People talk about how much parents shape you, but Haley was the most dominant person in her life. When girls in second grade started picking on Patricia, Haley beat up one as a warning to the others. When some guys catcalled at them by Madison Square Garden--Haley had taken her little sister to see Taylor Swift--Haley had slid in front of her and told them to shut the hell up. At Disney World, their parents had let Haley and Patricia go out alone one night. They ended up meeting some older boys and getting drunk in the All-Star Sports Resort. The good girl could get away with stuff like that. Not that she wasn't good--Haley was--but she was still a teenager. That night, after having her first beer, Patricia had made out with a guy named Parker, but Haley made sure that Parker went no further.

"We'll start deep in the woods," she overheard Investigator Tremont say to the officer handling the dogs.

"Why deep?"

"If she's alive, if the bastard has built some kind of shelter to hide her, it has to be pretty far off the path or someone would have noticed already. But if she's near the trail . . ."

His voice trailed off as he realized, Patricia was sure, that she was in earshot. She looked off into the woods and petted the dog and pretended that she didn't hear. For the past three months, Patricia had blocked everything out. Haley was strong. She would survive. It was as though her big sister had just gone on some weird adventure and would be home soon.

But now, looking out in the woods and petting this dog, she pictured the unfathomable: Haley, alone, scared, hurt, crying. Patricia squeezed her eyes shut. Frank Tremont walked toward her. He stood in front of her, cleared his throat, waited for her to open her eyes. After a few moments she did. She waited for his words of comfort. But he didn't offer any. He just stood there, shuffling his feet, indecisive.

So Patricia closed her eyes again and kept petting that dog.

CHAPTER 21

WENDY STOOD IN FRONT of the crime scene tape and spoke into the microphone with the NTC News logo near the mouthpiece. "And so we wait for some word," she said, trying to add gravitas to her voice without that TV-news melodrama. "From Ringwood State Park in northern New Jersey, this is Wendy Tynes, NTC News."

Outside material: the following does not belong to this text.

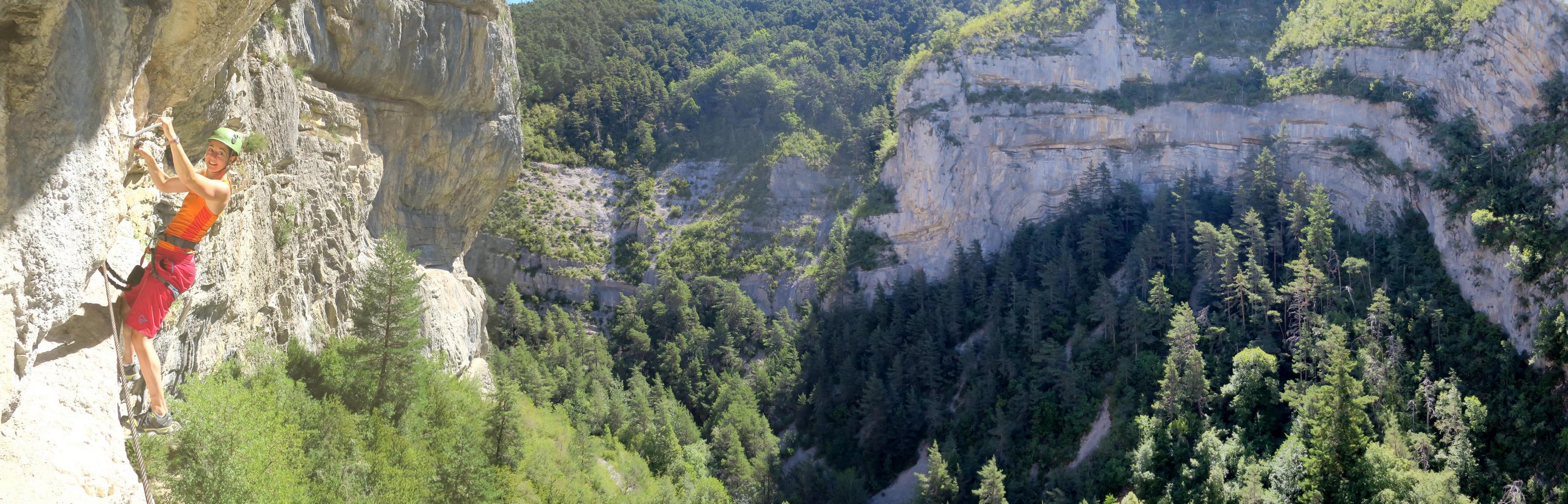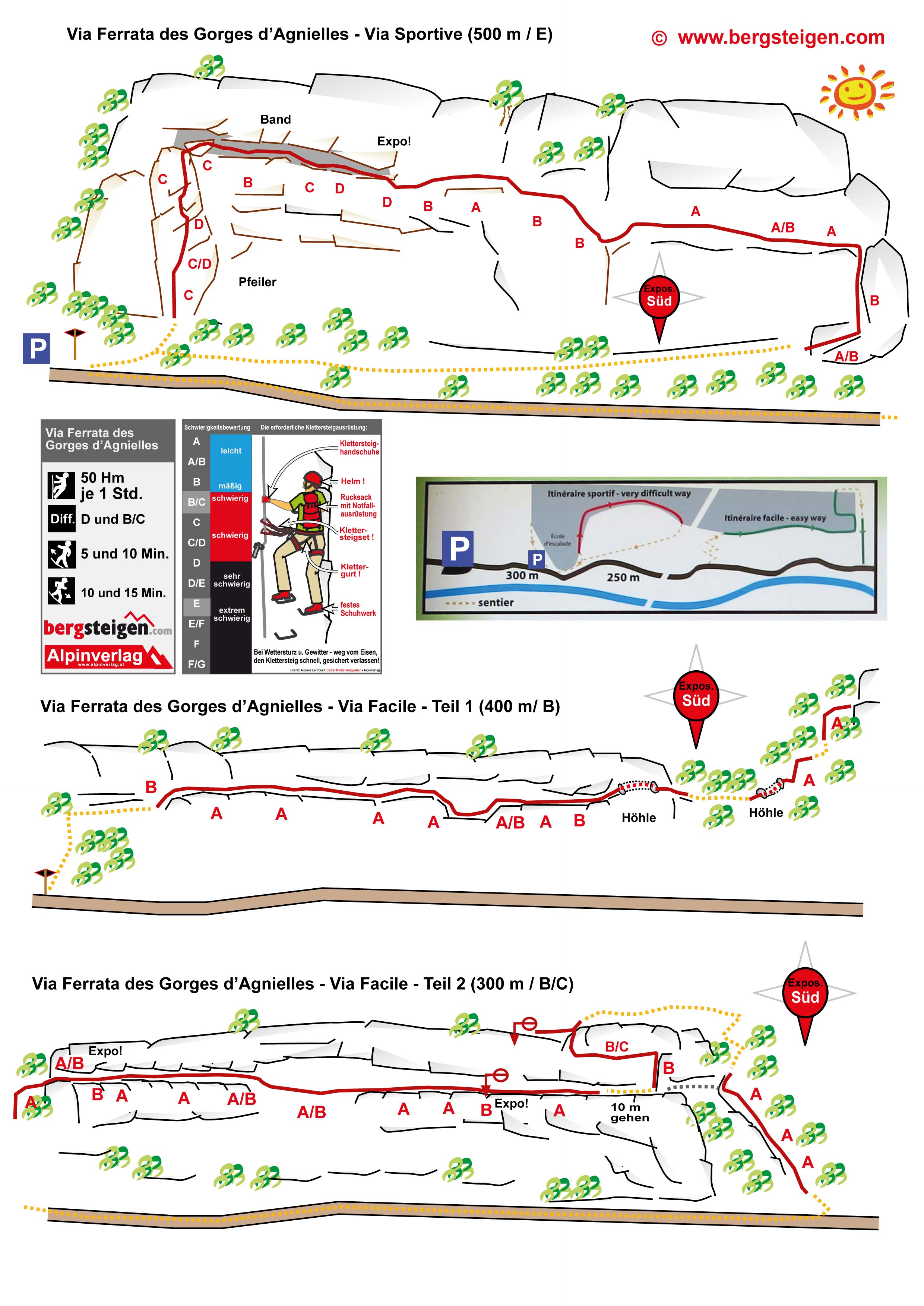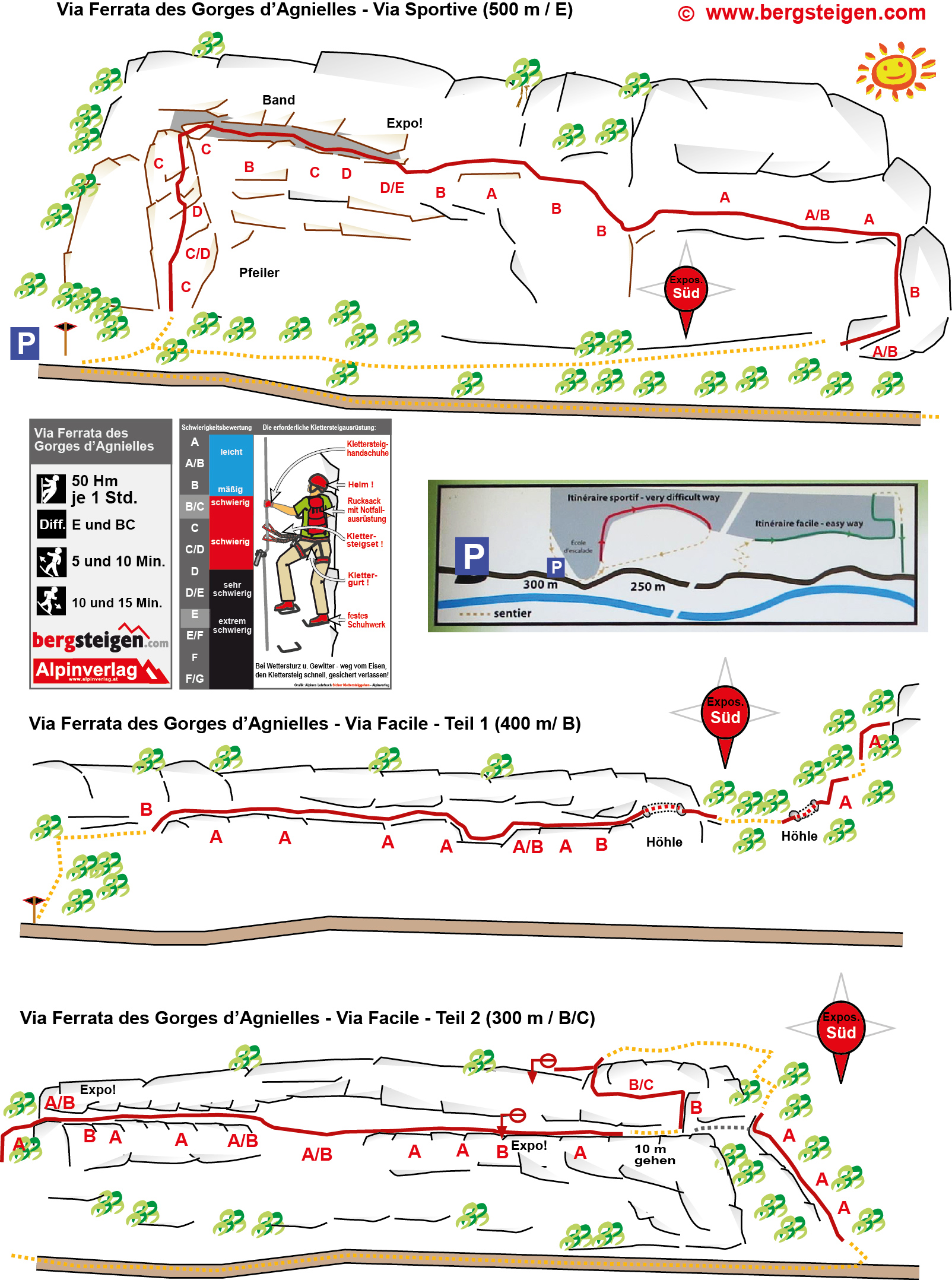 Das Tal der Gorges d'Angielles bietet neben viel Ruhe und einem malerischen kleinen Fluss in dem man im Sommer baden kann, zwei tolle Klettersteige. Die beiden Ferratas queren die niedrigen Felsen über dem Fluss auf Bändern und sind von französischer Bauweise. Zu Beginn wartet die Via Sportive mit 500 m anstrengender und auch teils sehr ausgesetzter Kletterei auf, um dann, wenn man noch möchte, von der Via Facile, die auf 800 m schönen Bändern folgt und erst am Ende ganz kurz etwas schwieriger wird, abgelöst zu werden.
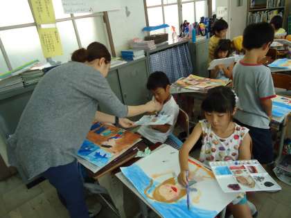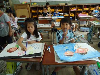子どもたちのオリジナリティのある色づかいが,なかなかいい感じですよ。

She lowered the microphone. Sam, her cameraman, said, "We should probably do that again."

"Why?"

"Your ponytail is loose."

"It's fine."

"Come on, tighten the band. It'll take two minutes. Vic will want another take."

"Screw Vic."

Sam rolled his eyes. "You're kidding, right?"

She said nothing.

"Hey, you're the one who gets all pissed when we air a take with a makeup smudge," he went on. "All of a sudden you got religion? Come on, let's do one more take."

Wendy handed him the microphone and walked away. Sam was right, of course. She was a television news reporter. Anyone who thinks looks don't matter in this industry is somewhere between naive and brain-dead. Of course looks matter--and Wendy had primped for the camera and done repeated takes in equally grim situations.

In short, add "hypocrite" to her growing list of failures.

"Where you going?" Sam asked.

"I have my cell. Call me if something happens."

She headed to her car. She had planned on calling Phil Turnball, but then she remembered that his wife, Sherry, had said that Phil spent every morning alone with the classifieds at the Suburban Diner on Route 17. It was only about twenty minutes from here.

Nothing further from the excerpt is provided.